Now, adding the girls is not the same how you add other fish like 2 to 3 at a time. You have to add the girls all within the same time, if not, you would most definitely have to rearrange your tank every time. Now, the technique that I am about to tell you was picked up a long time ago from another forum and has seemed to have worked for me. You start with your most passive girl, put her in the tank and give her 15 or 20 minutes to nose around and check things out. Then you add the next least aggressive female and watch them closely, always being ready to pull one out immediately if things get too rough. A small amount of fin nipping and body slamming is to be expected, but if you see one aggressively attacking another then it is time to make other arrangements for one of them. Continue to add your females, one every 15 to 20 minutes in the order of most passive to most aggressive with your most aggressive girl going in last (This technique credit goes to Eudie from UB.com).

Watch the tank carefully the next week or two. At first, the females will be chasing an nipping each other, but it shouldn't be too bad. Eventually, again, they will most likely form a pecking within the group.

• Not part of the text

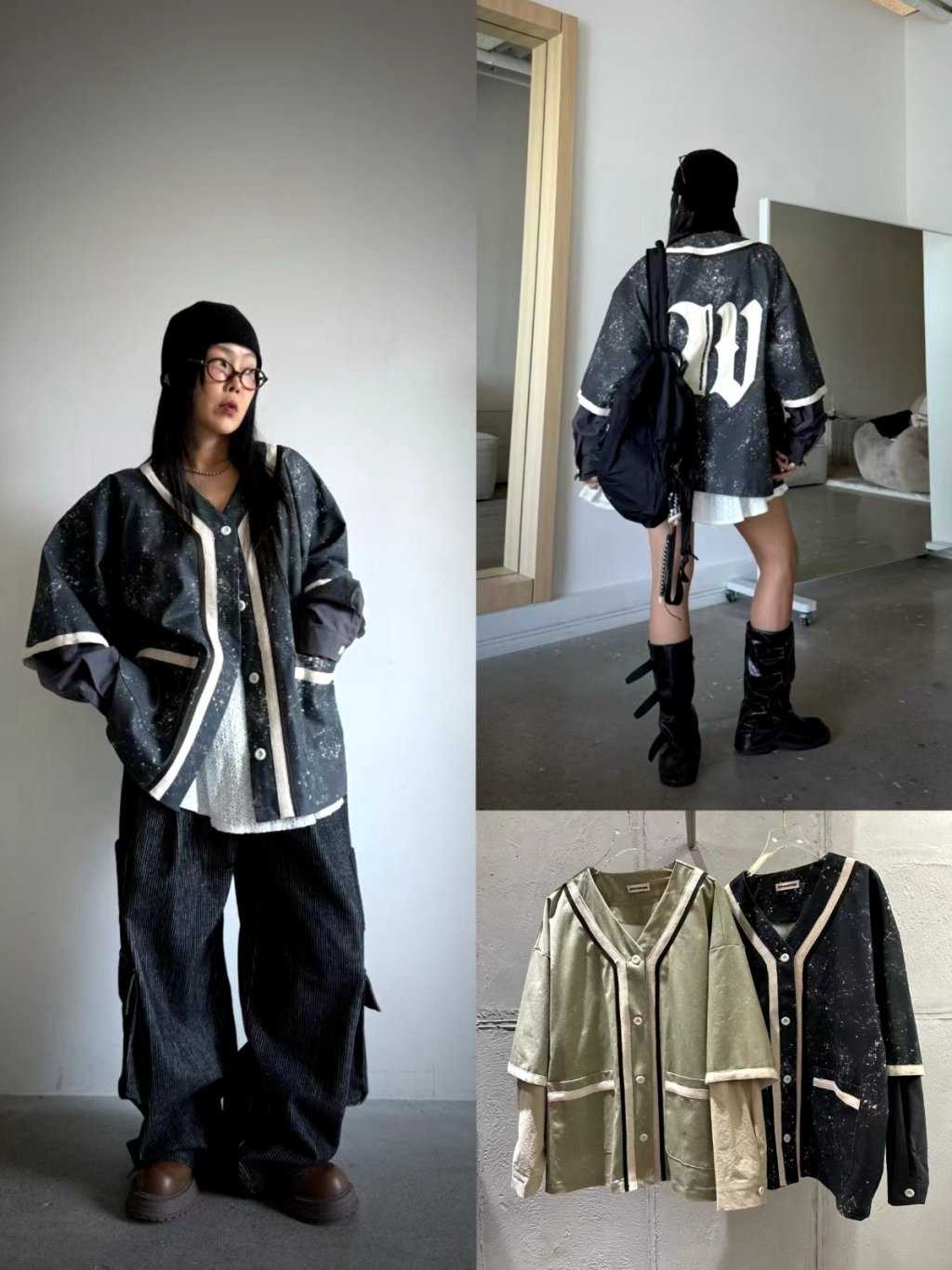 UN19 潑墨拼色假兩件JK

Make sure not to overstock the tank either, 6 is the max female bettas, 4 is the minimum (but I would really recommend that 6 is the minimum as well). Bettas, unlike other fish, seem to like it overcrowd with other female betta. If you decide to add more fish, besides bettas, I would recommend that you get a bigger tank and compatible tanks-mates.


So yeah, that pretty much covers all the basics to keeping a female betta sorority. Oh and one more thing, always have a back-up plan in case Anything goes wrong.

If I am missing anything please tell me and I will add it!!

Thanks


----------



## guppygirl2000

This is great,
I have always liked to breed more,
but this sounds like a good Idea too!


----------



## lmb

You should try it, it's worth it and more bettas (Female) too


----------



## Betta man

This thread should be stickied.


----------



## lmb

It's the mod's choice  I'll ask though!


----------



## Betta man

It definitely deserves stickying. Good post. It'll be their loss if they choose not to.


----------